CommonMark's value is precision: it defines a strict parsing algorithm so that the same input always produces the same output, regardless of which CommonMark-compliant parser handles it. GFM inherits that precision and adds the six extensions on top.
Most modern static site generators support GFM or can be configured to do so:
| SSG | Default parser | GFM support | |-----------|-------------------|-------------------| | Next.js | remark | via remark-gfm | | Astro | remark | via remark-gfm | | Hugo | goldmark | built in | | Jekyll | kramdown | partial (no task lists by default) | | Eleventy | markdown-it | via plugin |
If your SSG uses remark, adding remark-gfm to your unified pipeline is the standard path to full GFM support.
GFM in md0 Tools
All md0.io tools use a GFM-compatible renderer, so tables, task lists, strikethrough, and autolinks all work without any configuration.
- /cheatsheet: full syntax reference covering GFM and CommonMark syntax side by side
- /editor: split-pane editor with live GFM preview; useful for testing how a document will render before committing it
- /to-html: converts GFM documents to clean HTML, including table markup and checked list items
- /to-table: generates GFM pipe-syntax tables from structured input (paste data, get a table)

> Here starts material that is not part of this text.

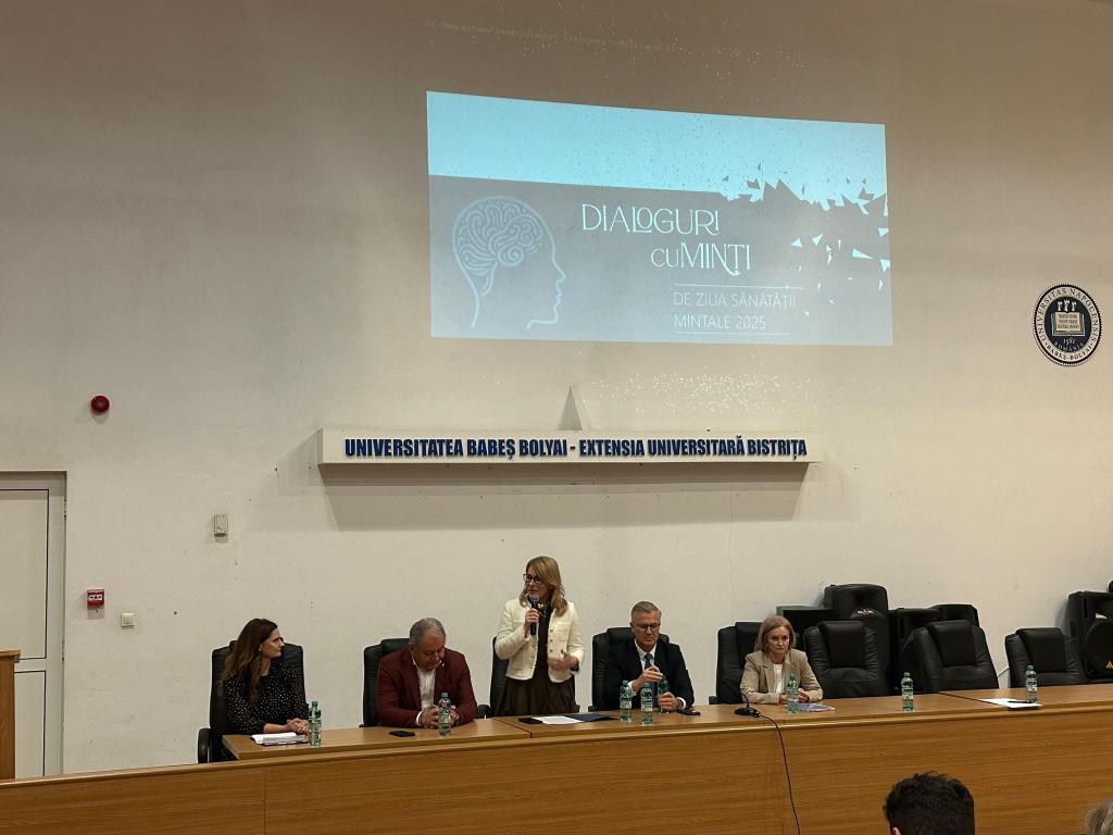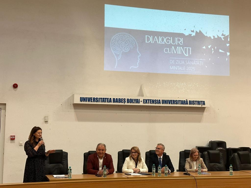 Aula Magna a Universității Babeș-Bolyai Extensia Bistrița a găzduit un eveniment dedicat sănătății mintale, unde specialiști din psihologie și psihiatrie au deschis dialoguri interdisciplinare despre echilibru, prevenție și sprijin pentru toate vârstele. Conferința “Dialoguri cuMINȚI” a fost organizat de Colegiul Psihologilor din România – Filiala Bistrița-Năsăud, în parteneriat cu Spitalul Clinic Județean de Urgență Bistrița – Secția Psihiatrie si Centrul de Sănătate Mintală și Prevenirea Adicțiilor, DGASPC BN, CJRAE, UBB Extensia Bistrița.
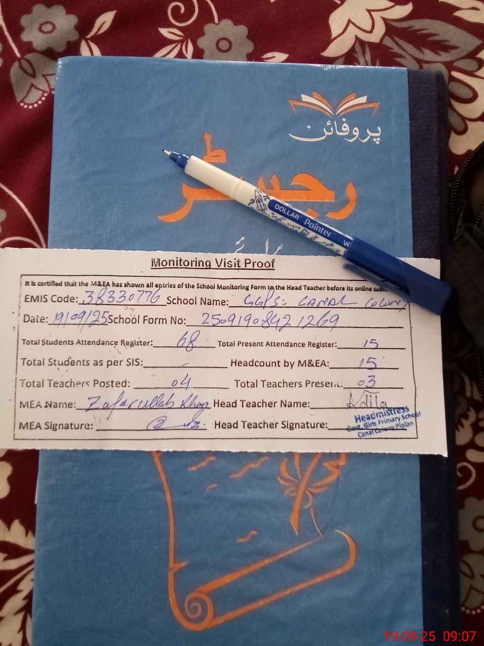 | EMIS Code: 38330776 | Name of School: GGPS CANAL COLONY PIPLAN | |||

- /toc-generator: builds a GFM-linked table of contents from heading structure in your document
Common Mistakes
A few GFM patterns trip people up repeatedly. Forgetting a blank line before a table is the most common: GFM requires at least one blank line between a paragraph and a table, or the table is parsed as a continuation of the paragraph text. Another frequent issue is assuming that pipe column alignment matters for parsing; GFM ignores visual alignment in the source, but some older parsers do not. Writing raw <script> or <style> tags inside a GFM document on GitHub will silently strip those tags rather than throw an error, which can hide bugs in documents that include inline HTML. Finally, task list nesting requires standard list indentation (two or four spaces depending on the parser); inconsistent indentation causes nested items to render at the wrong level or break out of the list entirely.